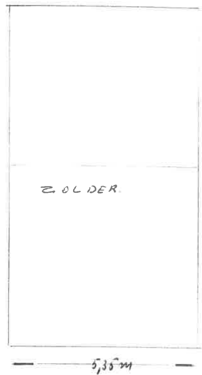
zolder (geen kamers)
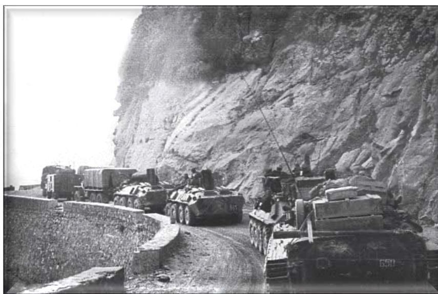
Рис. 11. Сопровождая колонны. Афганская война. Боевые операции

Большое внимание в роте уделялось инструктажу по правилам поведения во время движения колонны. При обстреле на равнине всегда можно уйти влево или вправо. В горах дорога одна, она идёт серпантинном и уклониться в сторону уже не получится. Поэтому в случае подрыва экипаж машины должен был покинуть подбитую технику и эвакуироваться впереди идущую машину. А подбитую сталкивали на обочину, и движение продолжалось.
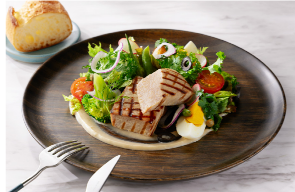
Grilled Tuna Niçoise with Colorful Vegetables and Anchovy Sauce グリルマグロのニソワーズ 彩り野菜とアンチョビソース 単品価格 ¥2,200
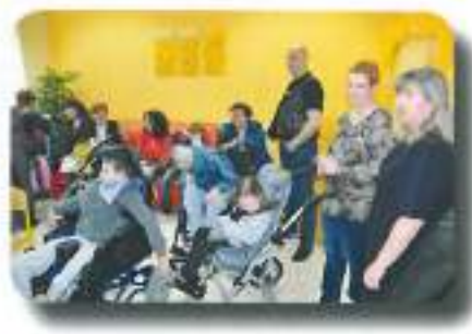
in se nastanili v dnevno... takšno je bilo naše 1. letno potovanje...
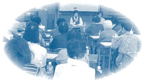
地域包括支援センター西・南 「高齢者の施設について」

在宅で介護しているご家族などを対象に、介護教室を開催しています。内容は、介護に関する知識や方法についての講義や実技、介護者の健康づくりや心身のリフレッシュ目的の体操教室、中高生を対象にした介護教室等様々です。
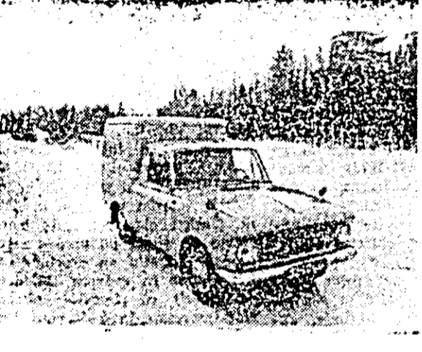
IN FOTO: Noua mașină
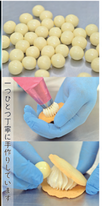
一つひとつ丁寧に手作りしています
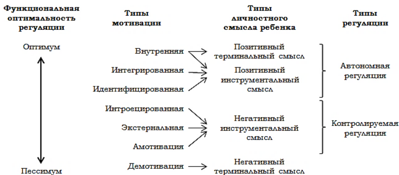
Рисунок 1. Психологические типы личностного смысла ребенка в континууме мотивации профессиональной педономической деятельности
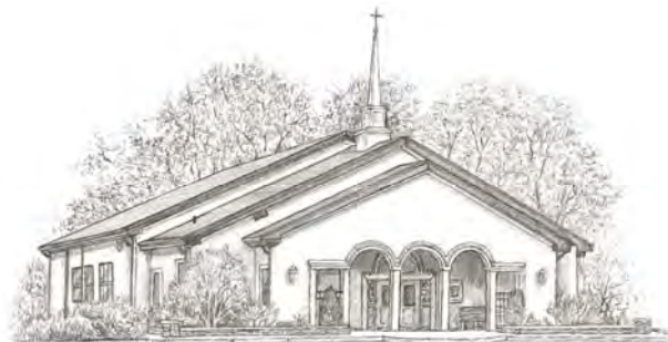
ST. ANTHONY CLARET
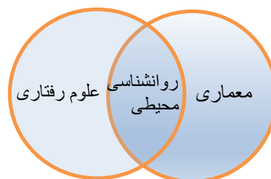
شکل 1- روانشناسی محیطی محل اتصال علم معماری و علوم رفتاری

طراحی شده، پیوندی ناگسستنی بین روان شناسی محیطی و طراحی ایجاد کرده است. روانشناسی محیطی یکی از رشته های تخصصی نوپایی است که به تأثیر متقابل رفتار و عوامل و شرایط فیزیکی معماری و فضای محیط، بیش از دیگر جنبه ها اهمیت داده است. امروزه توجه به جایگاه علوم رفتاری در طراحی شهری و معماری و چگونگی تأثیرگذاری فضا بر بروز رفتار انسانی از جمله مواردی است که نیازمند بررسی و بازبینی مفهومی و عملیاتی است که ترسیم کننده جایگاه واقعی علم روانشناسی محیطی در طراحی معماری باشد. در واقع آشنایی طراحان شهری با دانشهایی همچون علوم رفتاری و روانشناسی محیطی می تواند این امکان را برای طراحان فراهم کند تا منطبق بر نیاز و فرهنگ استفاده کنندگان فضاها را طراحی کنند. برودینت (1977) معتقد است که تمام ساختمان ها، خوب یا بد معنایی را منتقل می نمایند و به شکل نمادی از مفاهیم درونی خود برای ناظران به شمار می آیند جنکز (1969) عقیده دارد که همزمان با خلق یک فرم کالبدی معنی آن نیز همراه با آن شکل می گیرد و این معانی است که محیط و انسانها را با هم مرتبط می نماید. به گفته ی راپاپورت (1982) اگر چه موقعیت اجتماعی افراد در شیوه ی برخورد و رفتار آنان بسیار مؤثر است ولیکن نشانه های محیطی معانی لازم جهت تنظیم رفتارها را منتقل می نماید محیط به نوعی ارتباط غیر کلامی با ناظران برقرار می سازد.
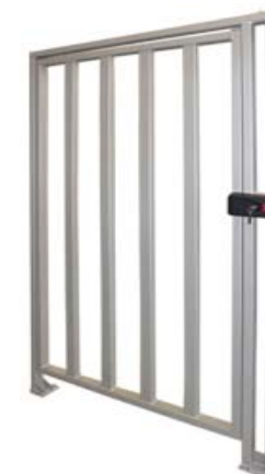
Полноростовая калитка PERCo-WHD-15R

ПРИМЕЧАНИЕ: Под заказ возможна окраска калиток без привода PERCo-WHD-15 в другие цвета по каталогу RAL. Срок изготовления и стоимость оговариваются дополнительно.
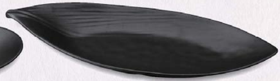
7-354-8 (75005790) ¥3,400 36.7cmリーフゆず柄長目皿 黒マット 367×156×45
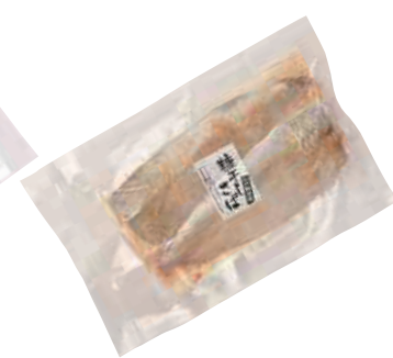
(同)マルカネ 糠干しさば (2枚入)【⑩-009】 420円
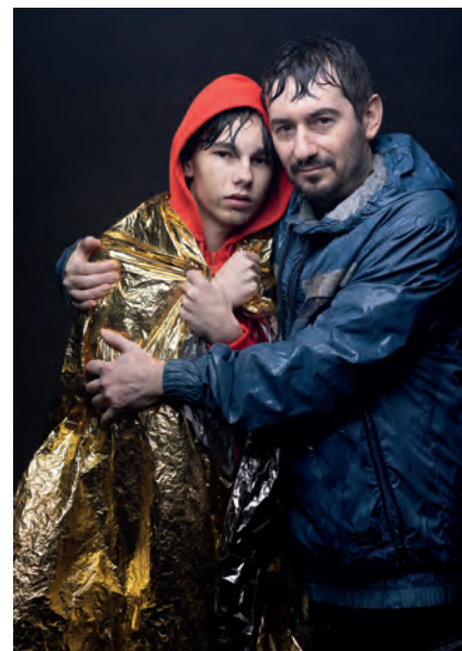
“1.Kapitel - Pelle Erobreren”.
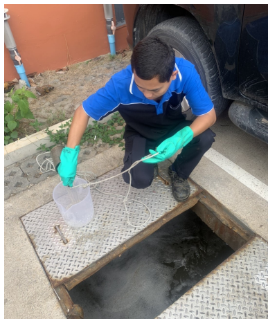
เก็บตัวอย่างน้ำทิ้งที่บ่อดตรวจคุณภาพน้ำทิ้ง
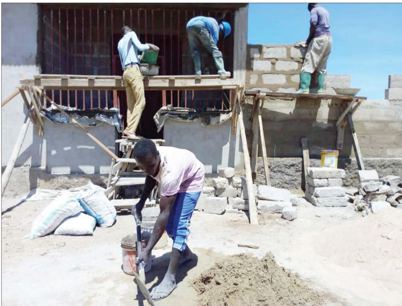
Mafundi wakijenga jengo la maabara ya kisasa ya huduma za afya ya Kanisa Katoliki, Parokia ya Bukima, Musoma Vijijini, mkoani Mara juji, ili kuwapunguzia wananchi usumbufu wa kusafiri umbali mrefu kufuata huduma hiyo.
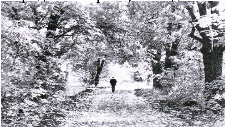
Городской парк в 90-е годы XX века
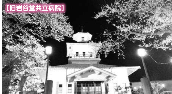
【旧岩谷堂共立病院】
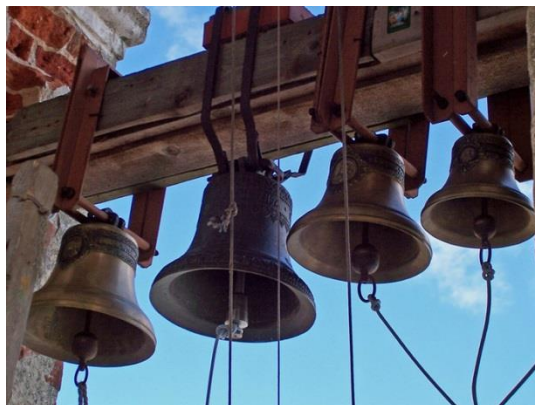
Рис. 2. Язычный колокольный звон

Схемы обозначают словом «Схема» и нумеруют последовательно арабскими цифрами в пределах всей работы, например:
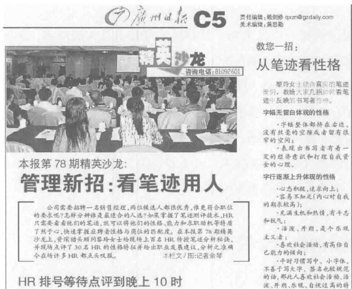
图 1-1 《广州日报》2008年9月1日C5版《管理新招：看笔迹用人》

《广州日报》2008年9月1日报道过这样一条消息：在广州举行的一次精英沙龙上，资深猎头顾问黎玲女士现场为上百名HR传授笔迹分析的秘诀，并随机选取了30名HR，对其笔迹逐一点评并给出职业发展的建议。活动结束后，仍有多位HR希望得到她的点评，直到晚上10点，最后一位满意离去。
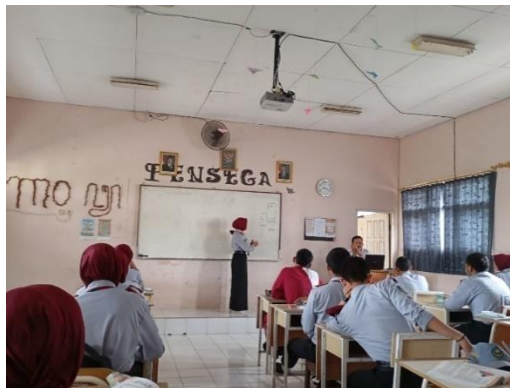
Gambar 3. Siswa maju kedepan untuk menjawab

Kemudian pada inti kegiatan pembelajaran setelah melakukan model pembelajaran PBL, guru lebih lanjut memberikan soal latihan terkait materi kesepakatan bersama. Siswa diminta untuk menjawab pertanyaan ataupun soal yang diberikan dengan menganalisa argumen pribadi dan berbagai sudut pandang ataupun dari sumber yang telah diketahui sebelumnya melalui buku atau sumber bacaan lainnya.
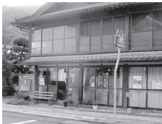
△ 店頭やインターネット販売を中心に展開をしている起業5年目の事業所
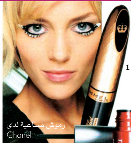
رموش صناعية لدى Chanel

نصائح MC: 1. Rimmel London Glam Eye Lash Flirt Mascara in Black وهي مسكرة سوداء تغازل وتدلل رموش عينيك وقيمتها ٧.٢٥ دولار. ٢. Fiberwig Tiny Sniper Mascara وهي مسكرة ذات شعيرات صغيرة للرموش الصغيرة قيمتها ١٥ دولار.
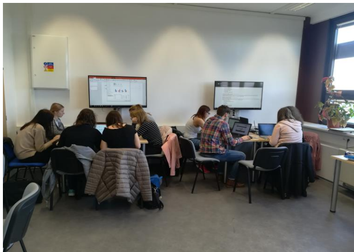
moderně a prakticky pojatá výuka

Zhlédněte další fotografie v naší fotogalerii ZDE!!!
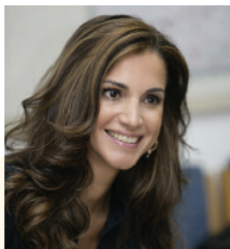
Her Majesty Queen Rania Al Abdullah of Jordan
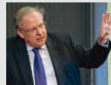
Le Conseiller national de la Neuveville Jean-Pierre Graber, toujours très à l'aise dans ses interventions
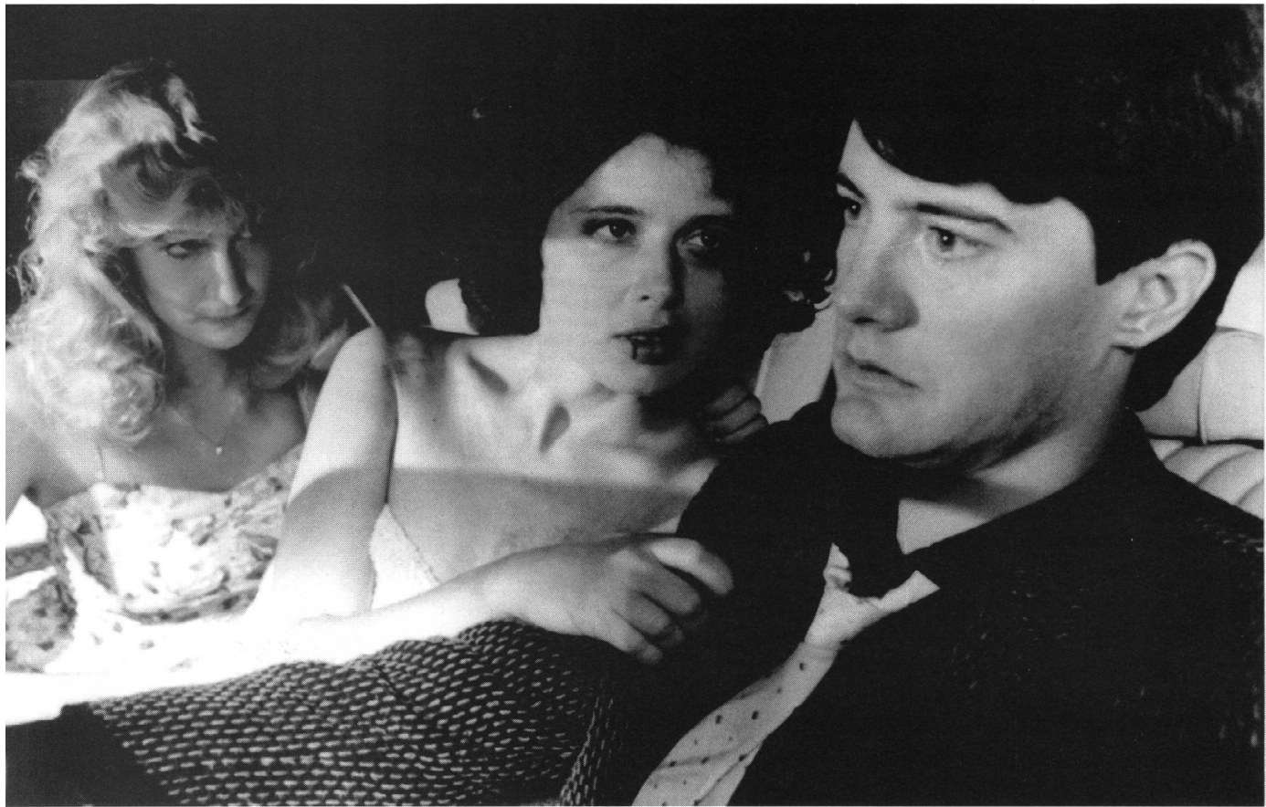
«Blue Velvet» (1986) von David Lynch

Psychothrillern, die gerade in den letzten Jahren gedreht worden sind.
◆ ◆ ◆
ASSIGNMENT: Locate the line containing "نصائح MC: 1." in the material above, then repeat it and every later line exactly, with no pictures.

RESULT:
نصائح MC: 1. Rimmel London Glam Eye Lash Flirt Mascara in Black وهي مسكرة سوداء تغازل وتدلل رموش عينيك وقيمتها ٧.٢٥ دولار. ٢. Fiberwig Tiny Sniper Mascara وهي مسكرة ذات شعيرات صغيرة للرموش الصغيرة قيمتها ١٥ دولار.
moderně a prakticky pojatá výuka

Zhlédněte další fotografie v naší fotogalerii ZDE!!!
Her Majesty Queen Rania Al Abdullah of Jordan
Le Conseiller national de la Neuveville Jean-Pierre Graber, toujours très à l'aise dans ses interventions
«Blue Velvet» (1986) von David Lynch

Psychothrillern, die gerade in den letzten Jahren gedreht worden sind.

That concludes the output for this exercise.